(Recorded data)
_ _ _

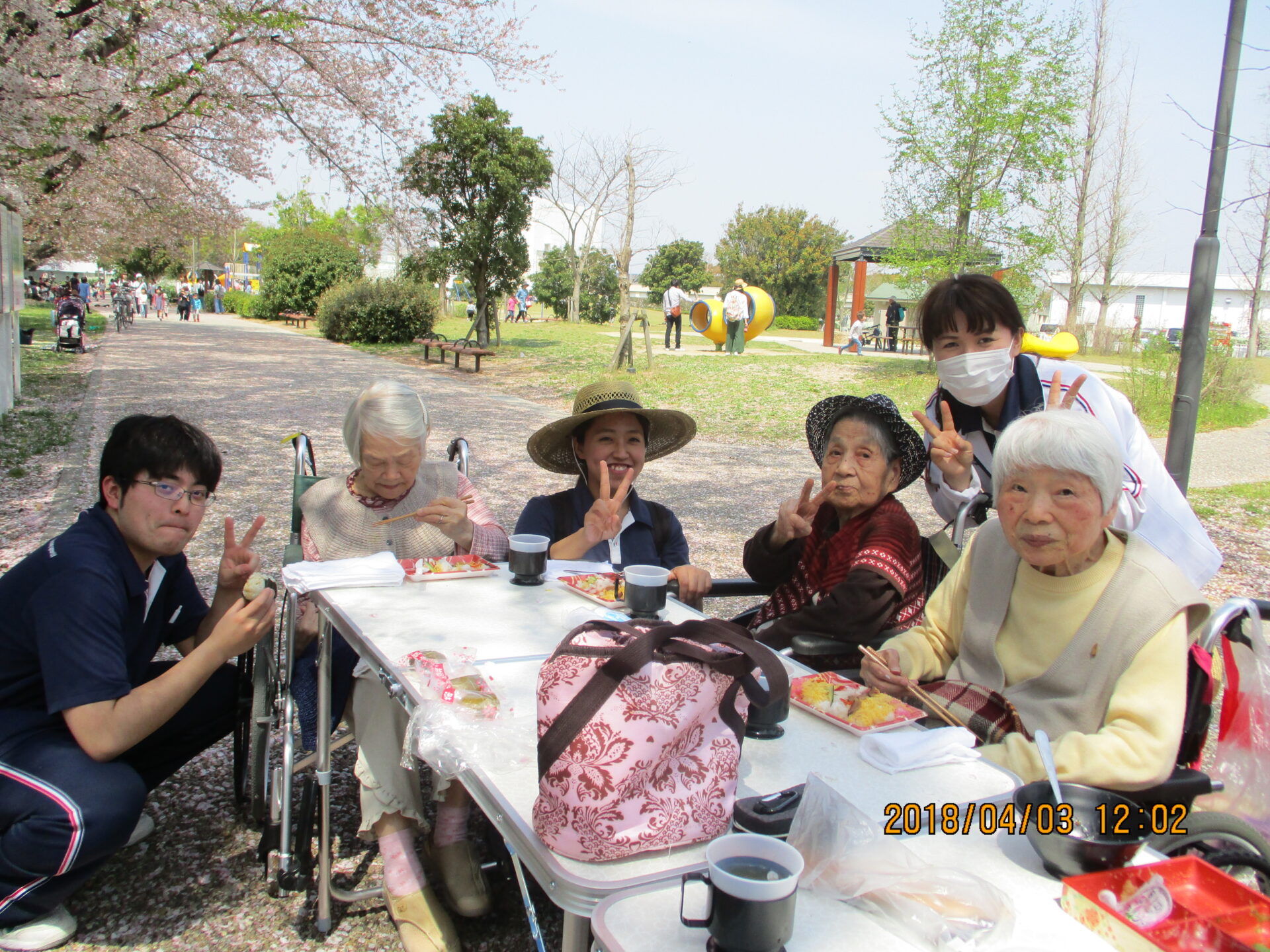 桜の花が舞い散る中、お花見弁当をいただきました。
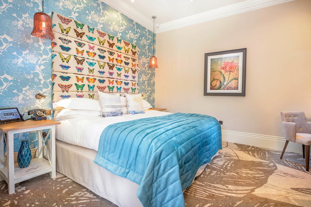 - Walls. Blue wallpaper with azure, turquoise notes or floral motifs will help to form the illusion of freshness and cleanliness in the bedroom. Thanks to the sky background, the patterns on the walls look more expressive and rich. In creating an accent plane, you can use canvases with monograms, curls or Gzhel ornaments.
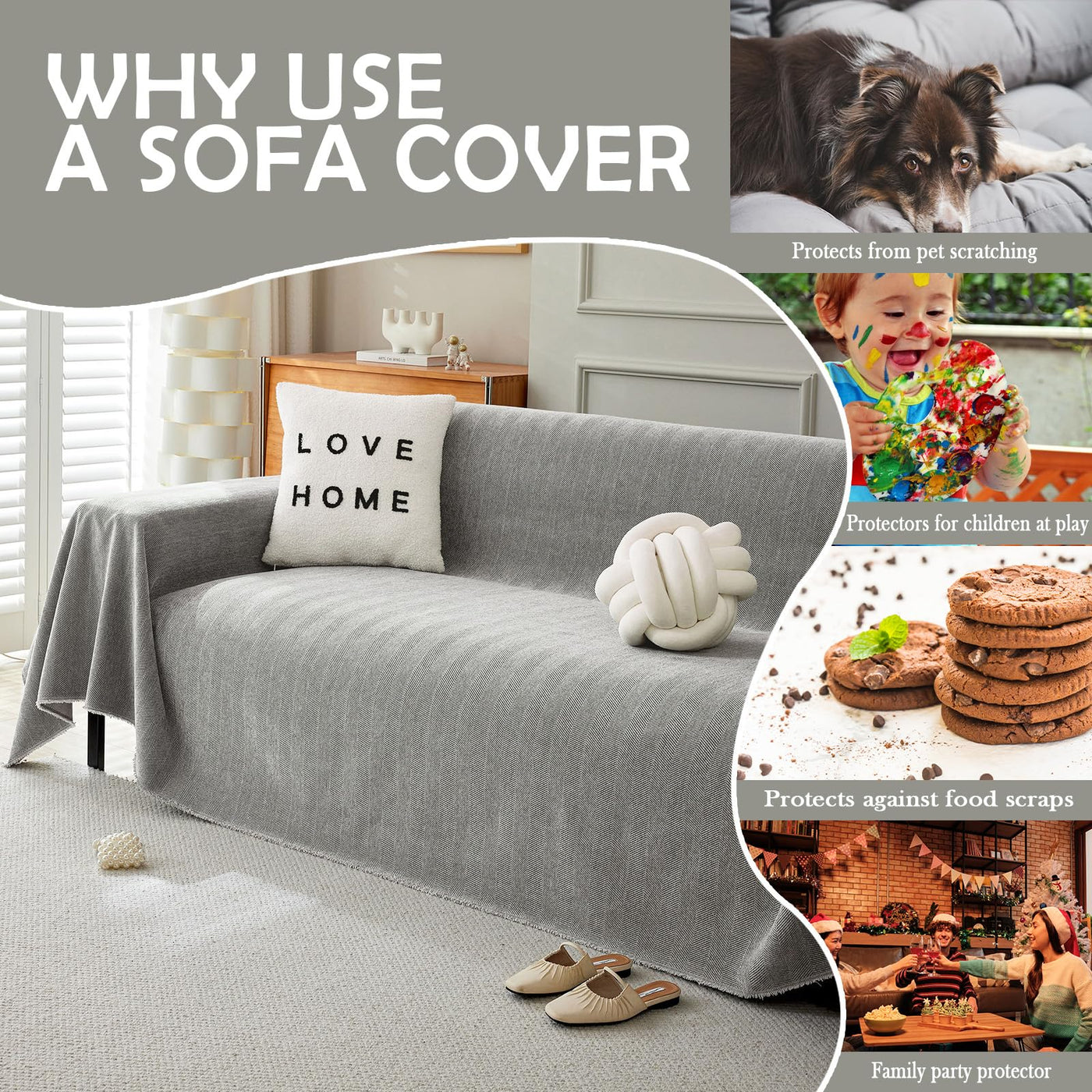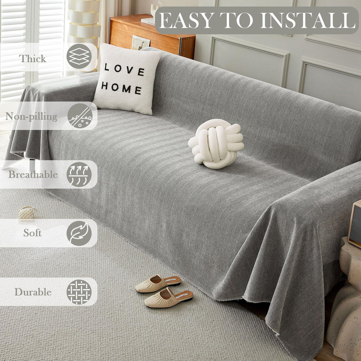 Handontime Couch Slipcovers For Sofas Dark Grey Couch Cover Sofa Cover For Dogs Boho Pet Couch Protector With Tassel Couch Throw Cover Chenille Herringbone Couch Cover Sofa 2 3 Seat Cover, 91' X118'
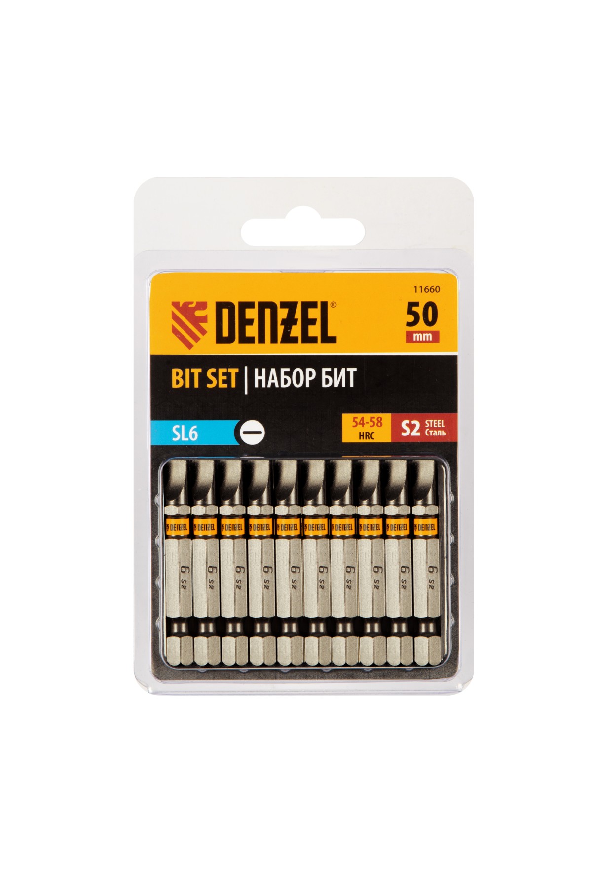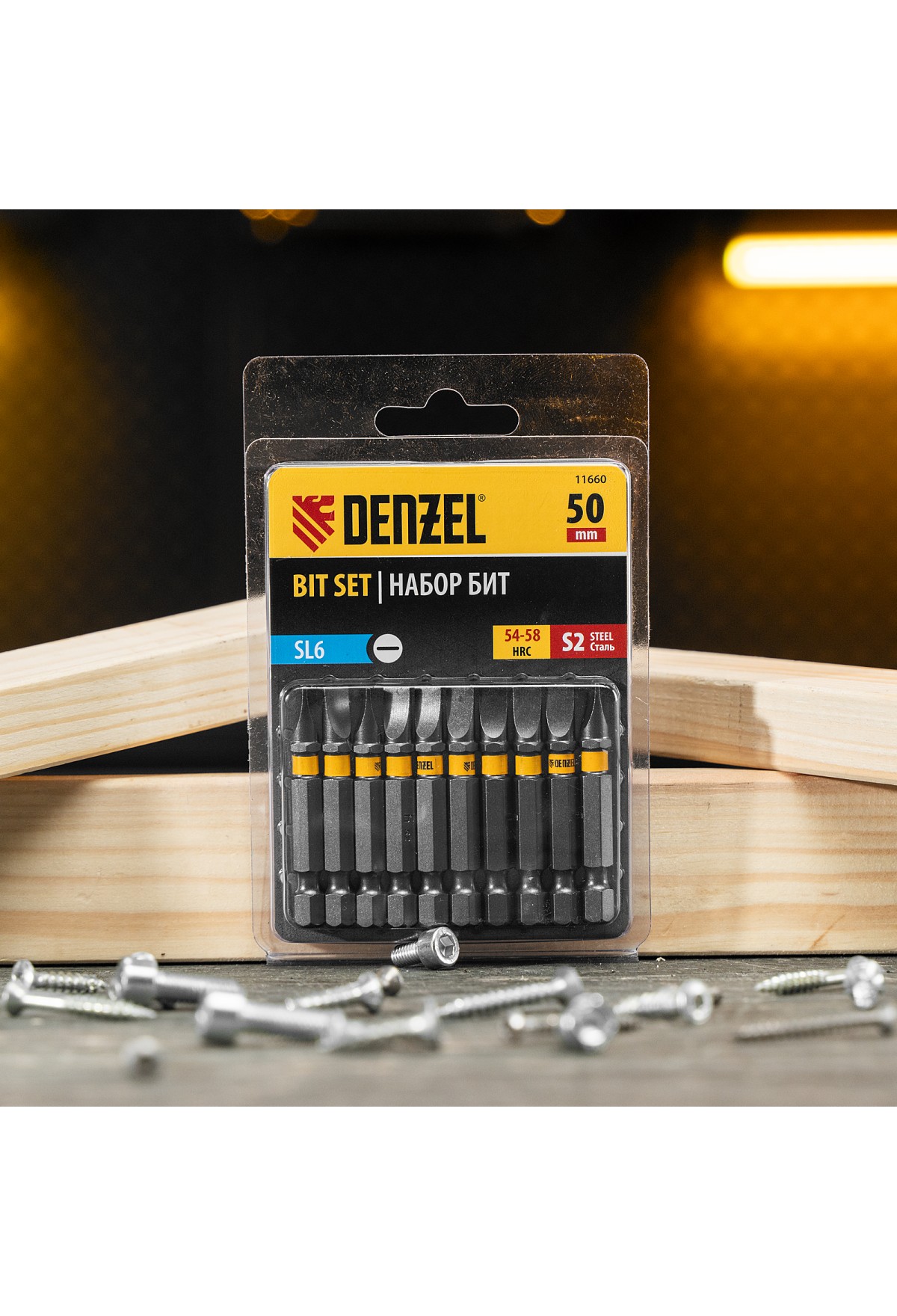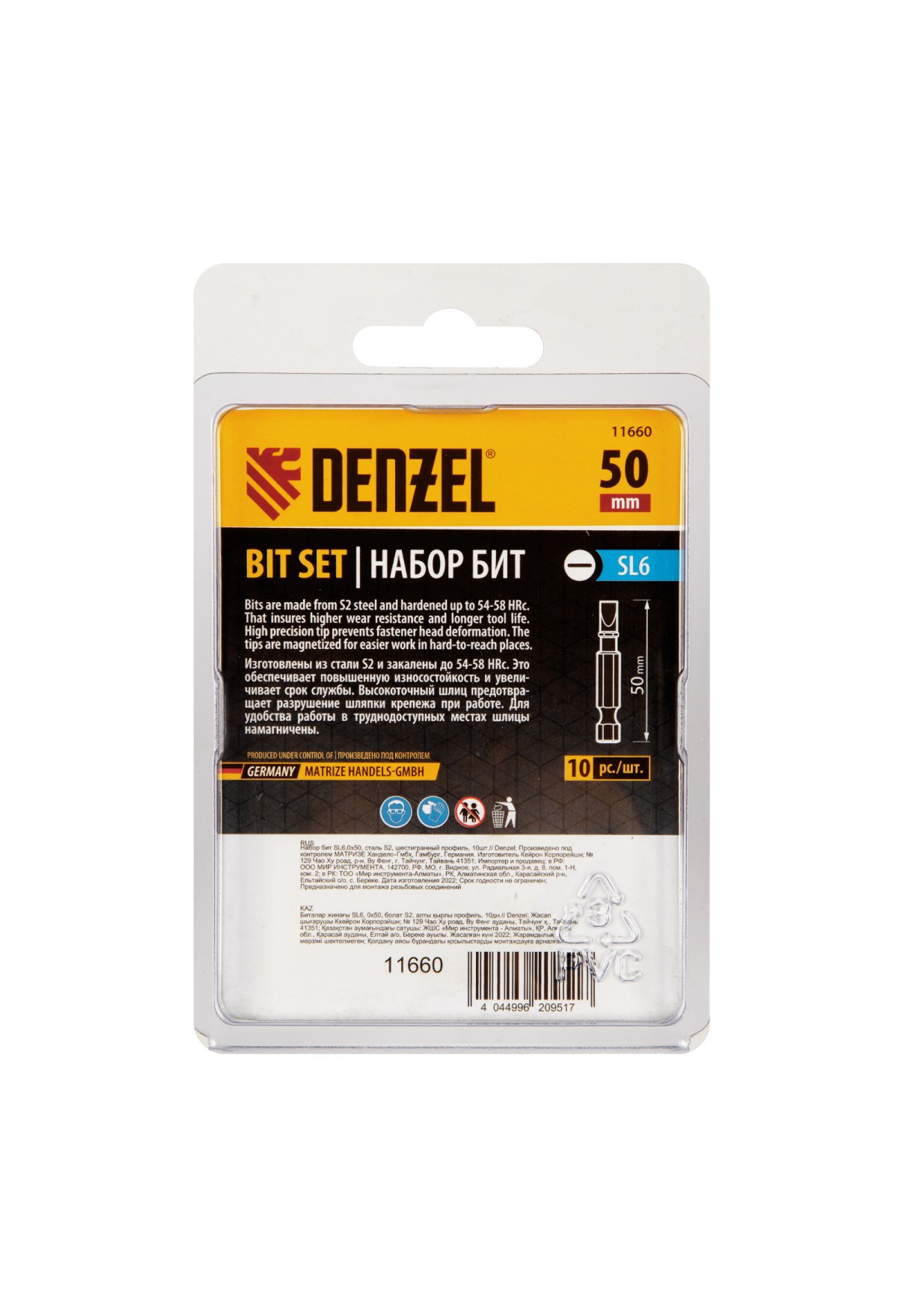 Технические характеристики Бита SL6,0х50, сталь S2, шестигранный профиль, 10 шт. Е 6,3 Denzel
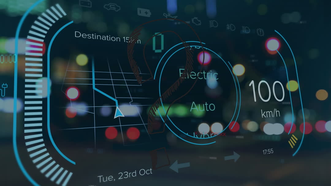 Visual displays of modern vehicle technology including speedometer and data processing overlaying nighttime cityscape with blurred traffic lights. Suitable for topics on automotive technology, smart cities, and electronic navigation systems. Ideal for illustrating advancements in car interfaces and digital innovations in urban environments.
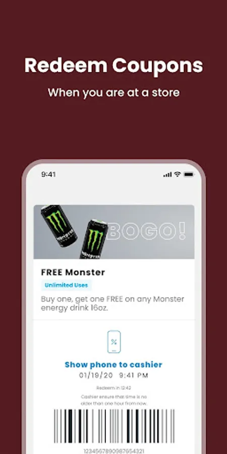 Simply tap the orange redeem button and show your phone at purchase to redeem your coupons.
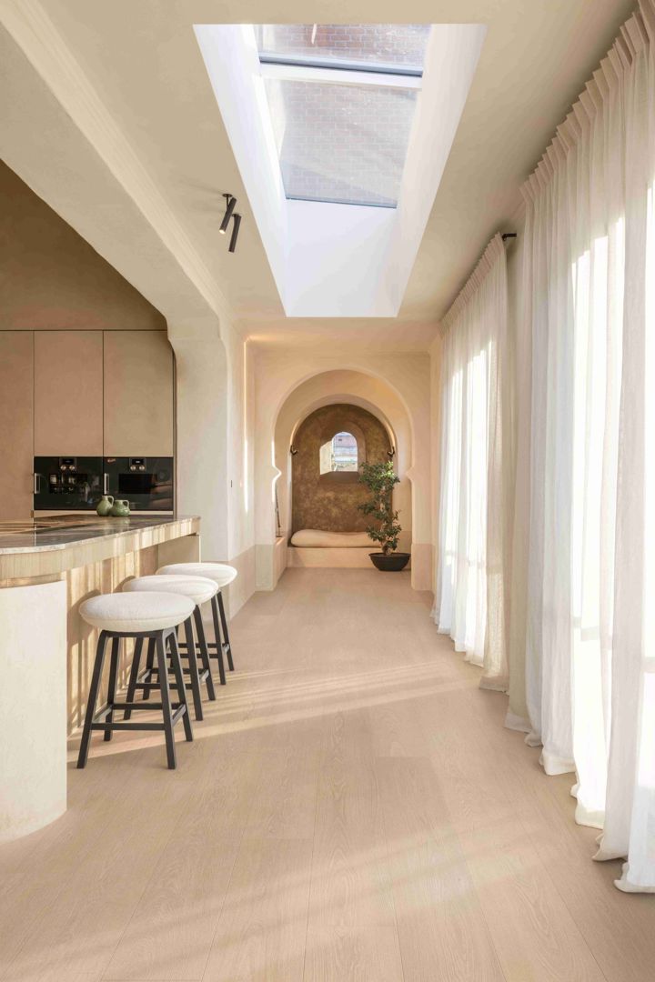 « Les lames mesurent pas moins de 2,1 mètres de long. C’est exceptionnel pour un sol clipsable », explique Stijn Windels, Marketing & Product Director de Coretec Floors. La nouvelle collection propose en plus des lames extra larges. « Pas moins de 30,5 centimètres. Cela accentue encore davantage le look haut de gamme », souligne fièrement Windels. Une telle longueur et largeur nécessite un bon soutien. C’est possible grâce au noyau extra épais. À cela s’ajoute une protection luxueuse avec une couche d’usure de 0,8 mm, soit 60 % plus épaisse que celle des autres collections. Ce sol allie des dimensions remarquables à une durabilité exceptionnelle.
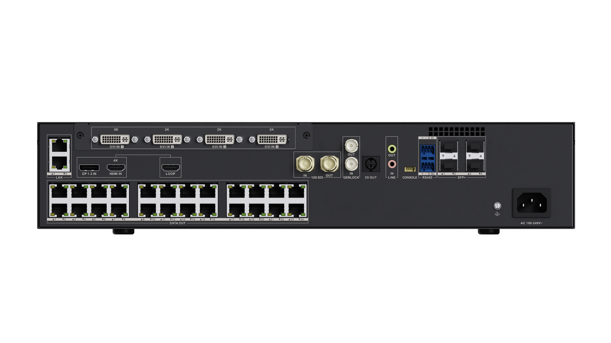 - Support 7 video inputs including 1 × DP1.2, 1 × HDMI2.0, 1 × 12G-SDI, and 4 × DVI interfaces.
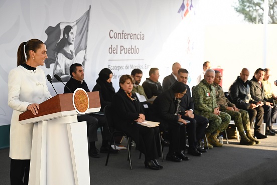 La secretaria de Gobernación, Rosa Icela Rodríguez Velázquez, detalló que, como parte del eje de Atención a las Causas de la Estrategia Nacional de Seguridad, la Mesa de Paz tuvo 311 sesiones estatales, cuatro interregionales, 10 mil 312 regionales y se concretaron 614 acuerdos. Se realizaron 713 Jornadas de Paz en todo el estado, en las que participaron más de 218 mil personas. Adicionalmente a ello, con el Plan Integral de la Zona Oriente, se brindaron 317 mil atenciones en 27 colonias, se realizaron 20 mil 469 visitas Casa por Casa, se instalaron 54 Comités de Paz, 28 Ferias de paz y se recuperaron seis espacios públicos. Y con Sí al Desarme, Sí a la Paz, del 1 de octubre al 31 de diciembre de 2025 se canjearon en 53 municipios mil 995 armas de fuego: mil 124 cortas y 332 largas.
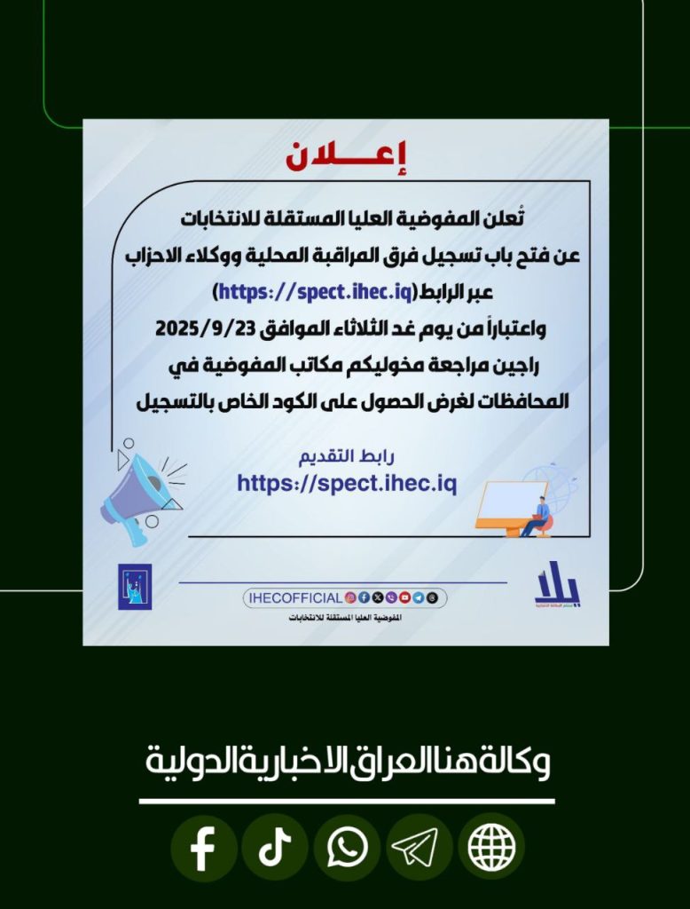 الرئيسية/محلي/مفوضية الانتخابات تنشر رابط تسجيل فرق المراقبة المحلية ووكلاء الأحزاب محلي مفوضية الانتخابات تنشر رابط تسجيل فرق المراقبة المحلية ووكلاء الأحزاب شاركها فيسبوك X لينكدإن Tumblr بينتيريست Reddit VKontakte Odnoklassniki Pocket مشاركة عبر البريد طباعة
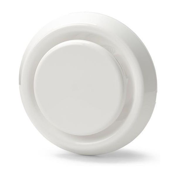 Frånluftsventil av vit plast, med fjäderbladsfastsättning.
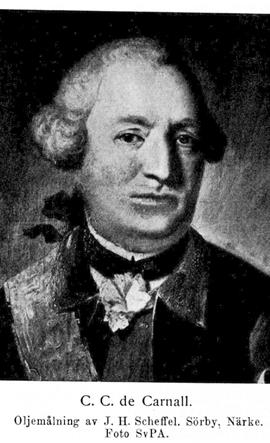 Källor: Biographica, krigsexpeditionens diarier, militaria: meritlistor och meritförteckningar, överstens för Björneborgs regemente skrivelser till K. M: t, skrivelser till Gustav III och till Johan Sparre (Tosterupsamlingen), handels-och manufakturdeputationens prot. 1769—70, militiedeputationens prot. 1771 —72, strödda hist. handlingar ang. svenska officerare i kon. Stanislaus' tjänst, allt i RA; genealogica och biographica, riddarhusarkivet; danska ministerdepescher och Sverrig C. 289, danska riksarkivet. — Aktstykker vedkommande det svenske thronfölgervalg 1743 (Aarsberetninger fra det kongeligc Geheimearchiv, 5, 1871—75); Hemliga handl. hörande till Sveriges historia efter kon. Gustaf III: s äntrade till regeringen, 2—3 (1822, 25); Lefwernes beskrifning öfwer framl. general majoren. . . herr baron Carl Constantin de Carnall (Tidningar utg. af et sällsk. i Åbo, Årg. 6, 1776; utdrag ur de C:s memoarer med enstaka ordagranna citat); F. A. von Fersen, Hist. skrifter, 3 (1869); E. G. Geijer, Kon. Gustaf'III: s efterlemnade . . . papper, 1—2 (1843); B. von Schinkel & C. W. Bergman, Minnen ur Sveriges nyare historia, 1 (1852). — CG. A. Bergenstråhle, Kungl. Västerbottens regementes krigshistoria (1917); E. Lindh, Kongl. Björneborgs regemente (Skrifter utg. av Sv. litt.-sällskapet i Finland, 204, 1928); C. G. Malmström, Sveriges polit. historia 1718—1772, 4, 6 (1899, 1901); O. Mannerfelt, Anteckningar om Kongl. Elfsborgs regemente 1680—1815 (1887); C. T. Odhner, Sveriges polit. historia under kon. Gustaf III: s regering, 1 (1885); A. Pihlström, Kungl. Dalregementets historia, 4 (1910); Sv. biogr. lexikon, Ny följd, 3 (1859—60); T. Säve, Sveriges deltagande i sjuåriga kriget (1915).
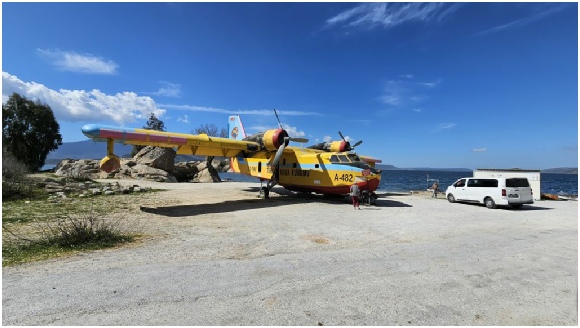 Een oud niet meer in gebruik blusvliegtuig bij het Bafa Gölü meer.
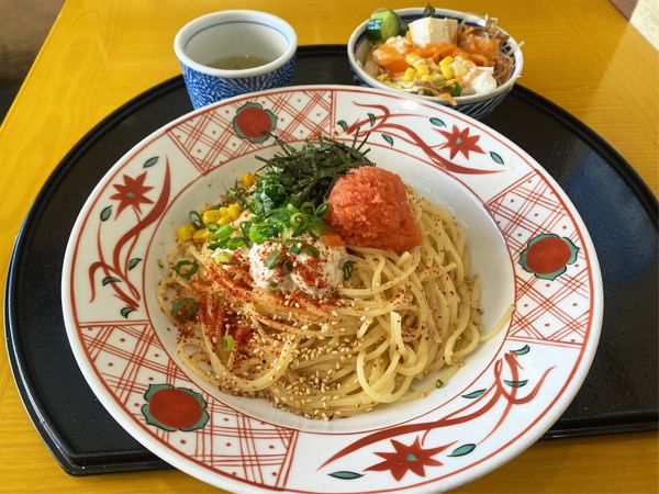 「明太子とマヨネーズのスパゲッティー」(スープ付き)1150円、「サラダバー」300円

_ _ _

◆ **Task goal**: Pictures in the entries do not go into the copy. Print only the lines starting at the one containing "الرئيسية/محلي/مفوضية الانتخابات تنشر" and ending at the one containing "Frånluftsventil av vit", exactly as they appear.

◆ **Solution to this exercise**:
 الرئيسية/محلي/مفوضية الانتخابات تنشر رابط تسجيل فرق المراقبة المحلية ووكلاء الأحزاب محلي مفوضية الانتخابات تنشر رابط تسجيل فرق المراقبة المحلية ووكلاء الأحزاب شاركها فيسبوك X لينكدإن Tumblr بينتيريست Reddit VKontakte Odnoklassniki Pocket مشاركة عبر البريد طباعة
 Frånluftsventil av vit plast, med fjäderbladsfastsättning.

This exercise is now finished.